Gravement blessé dans un terrible accident il y a six ans, l’un des grands talents du rallye voulait mettre fin à sa carrière. Découvrez son témoignage et le tournant de sa vie, où il a décidé de revenir dans la course.

« Je pense que Fredrik avait cinq ans lorsqu’il a dit : « Je serai Champion du Monde des Rallyes », se souvient Susanne Kottulinsky, sa mère, elle-même ancienne pilote et copilote de rallye. « Fredrik était un enfant très vif. Il a commencé à marcher à neuf mois, et dès qu’il a pu attraper quelque chose, c’était une voiture », ajoute-t-elle. « Ses premières courses ont eu lieu dans le salon, où il roulait à toute vitesse autour de la cheminée dans une voiture à pédales », rit Susanne. « J’avais même placé la bande rayée pour marquer les zones de spectateurs. Dans tout le salon ! », dit Fredrik.

« Son premier véhicule à moteur a été une moto de 50 cm³ », dit Susanne. « Il avait environ cinq ans et, pour être honnête, il était vraiment trop petit pour le motocross. Je me souviens d’un jour où il voulait frimer devant des garçons plus âgés qui se moquaient de lui. Résultat : une mauvaise chute après un saut. Il était couvert de bleus. Une fois à la maison, j’ai dit à mon mari Jerry que je ne voulais pas que notre fils roule sur deux roues. Les quatre roues sont plus sûres », explique Susanne.

Jerry ? Il s’agit bien de Jerry Åhlin, autre légende suédoise des rallyes. Les histoires de cette famille et du sport automobile sont intimement liées, puisqu’elles concernent non seulement les parents de Fredrik, mais aussi son grand-père. Qui n’est autre que Freddy Kottulinsky, vainqueur de l’emblématique rallye Paris-Dakar de 1980. « Ce qui est drôle, c’est que mon père n’était pas censé courir, car il conduisait la voiture d’assistance. Cependant, après avoir remporté la première étape, les équipes qu’il assistait le suivaient », ricane Susanne.

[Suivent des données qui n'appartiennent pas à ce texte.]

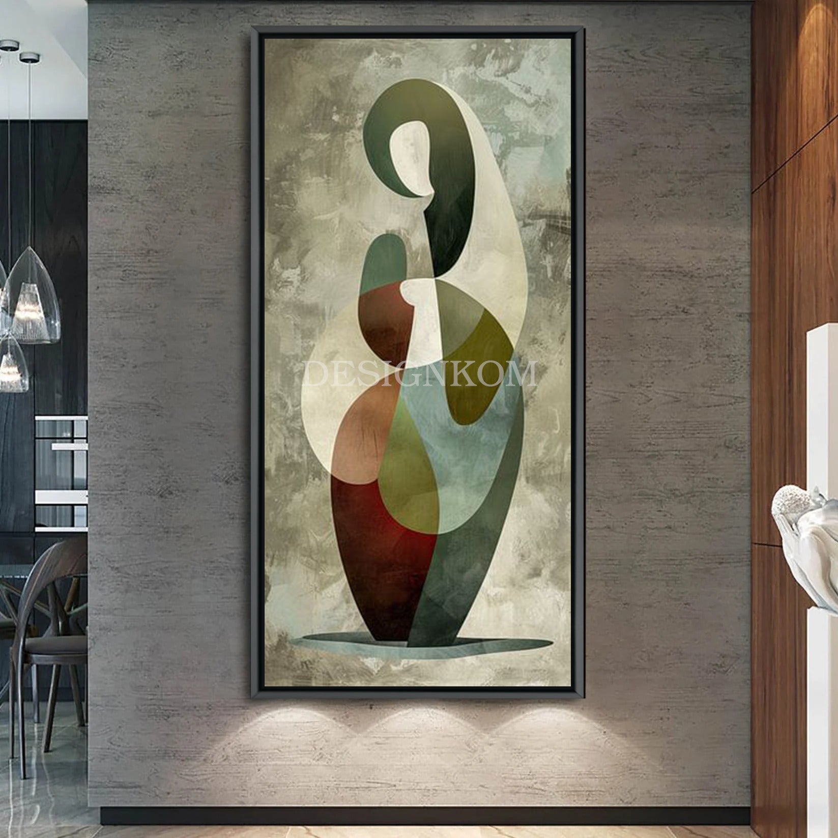 Ce tableau artistique moderne représente une silhouette abstraite stylisée, formée par des formes géométriques superposées dans des tons profonds : vert olive, bordeaux, beige et bleu gris. L’œuvre dégage une harmonie douce et élégante, avec une touche minimaliste et contemporaine. La figure évoque la douceur, la connexion et la fluidité, idéale pour apporter une ambiance chaleureuse et raffinée dans un hall d’entrée, un salon ou un espace de vie moderne.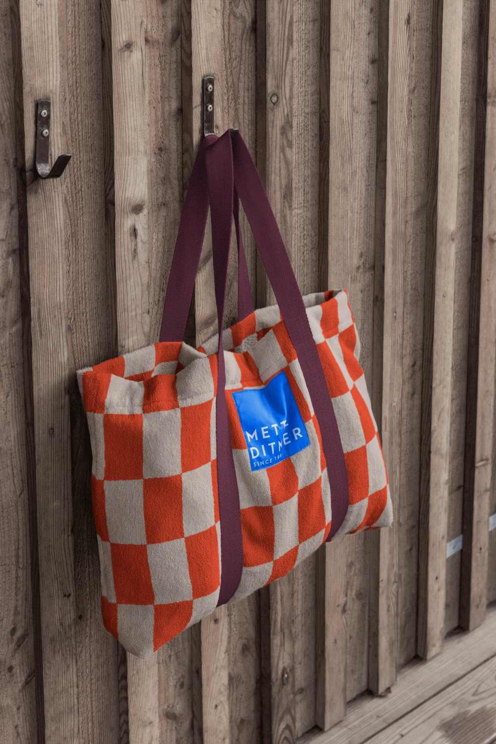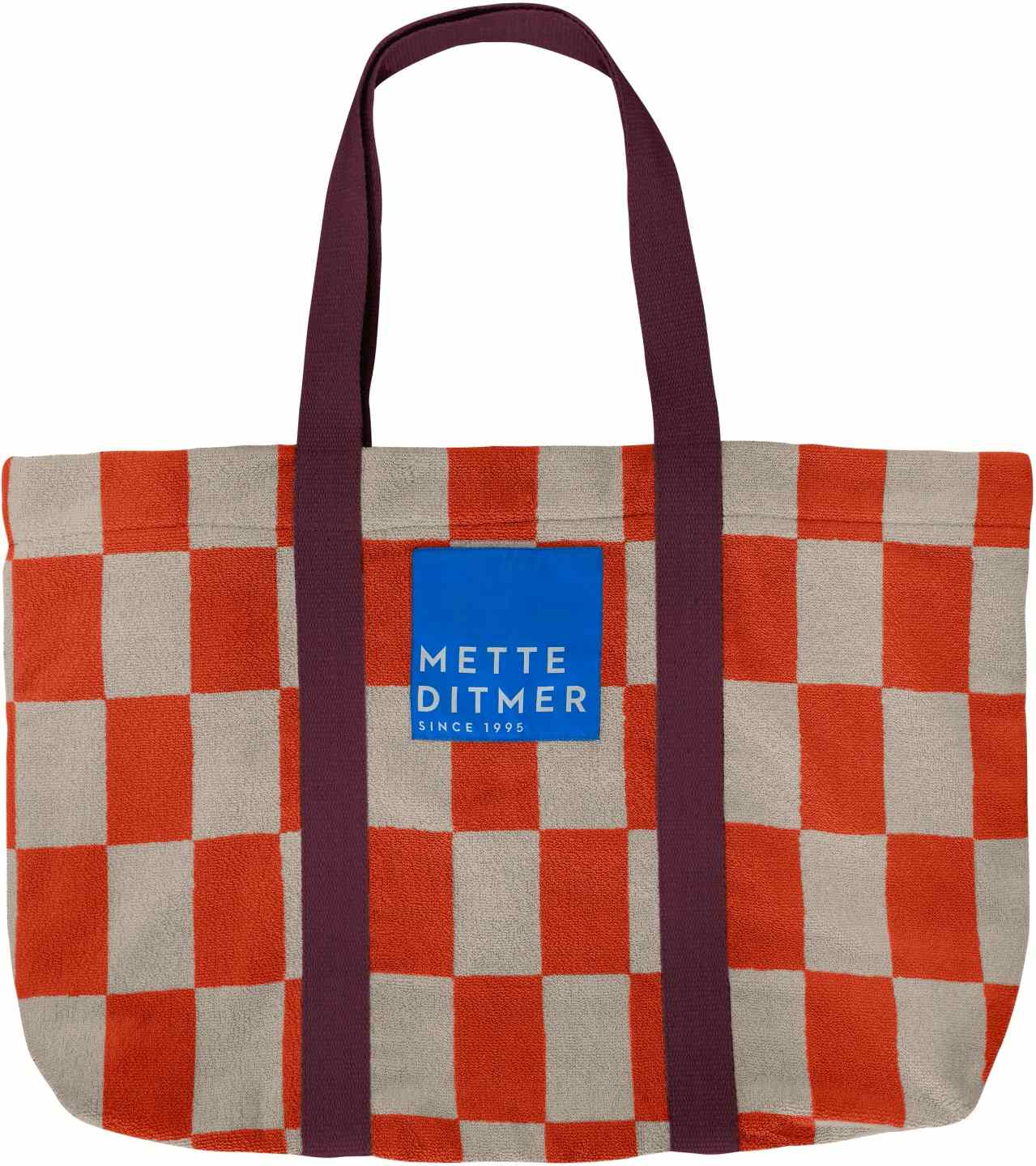 RETRO-tasken oversætter det orange og sandfarvede mønster til en rummelig shopper med et tydeligt grafisk udtryk. De vinrøde canvasstropper står smukt mod den bløde frottéoverflade, og den store, koboltblå logo-label på forsiden tilføjer en klar kontrast. Indvendigt har tasken en lille lomme med vinrød lynlås – ideel til nøgler og småting. Velegnet til hverdag, rejser eller en dag på stranden. OEKO-TEX® standard 100-certificeret.Vaskes ved 30° C vask med vrangen, undgå skyllemiddel, ikke velegnet til tørretumbling.Bredde: 64 cm

Freddy a également mis en place le système de formation des conducteurs connu aujourd’hui sous le nom d’Audi Experience. D’ailleurs, Susanne et Jerry apprennent encore aux pilotes comment améliorer leur technique de conduite.

Découverte d’un grand talent

Mais revenons à Fredrik. Après un bref épisode de motocross, il est passé au karting, où ses parents ont rapidement reconnu son talent. « Fredrik était toujours le plus rapide, même sur de nouveaux circuits. Avec le temps, les autres garçons s’entraînaient, s'amélioraient et commençaient à le rattraper, mais c’est la différence entre un circuit et un rallye. Dans un rallye, vous n’avez qu’une seule chance. Et c’est là que nous avons réalisé que Fredrik serait un grand pilote de rallye. »

« Mes parents ne m’ont jamais forcé à faire du rallye. J’ai pratiqué beaucoup d’autres sports quand j’étais plus jeune : handball, football, hockey sur glace, golf.... Mais ce qui m’a le plus plu, ce sont les karts et, plus tard, les rallyes », ajoute Fredrik. Susanne acquiesce : « Pour Jerry et moi, il était très important pour nos enfants de faire du sport, mais nous ne les avons pas poussés à faire du rallye. Cependant, Fredrik et Mikaela, notre fille, ont finalement fait leur entrée dans le sport automobile et nous en sommes heureux ». Mikaela poursuit donc la tradition familiale, mais dans les courses sur circuit.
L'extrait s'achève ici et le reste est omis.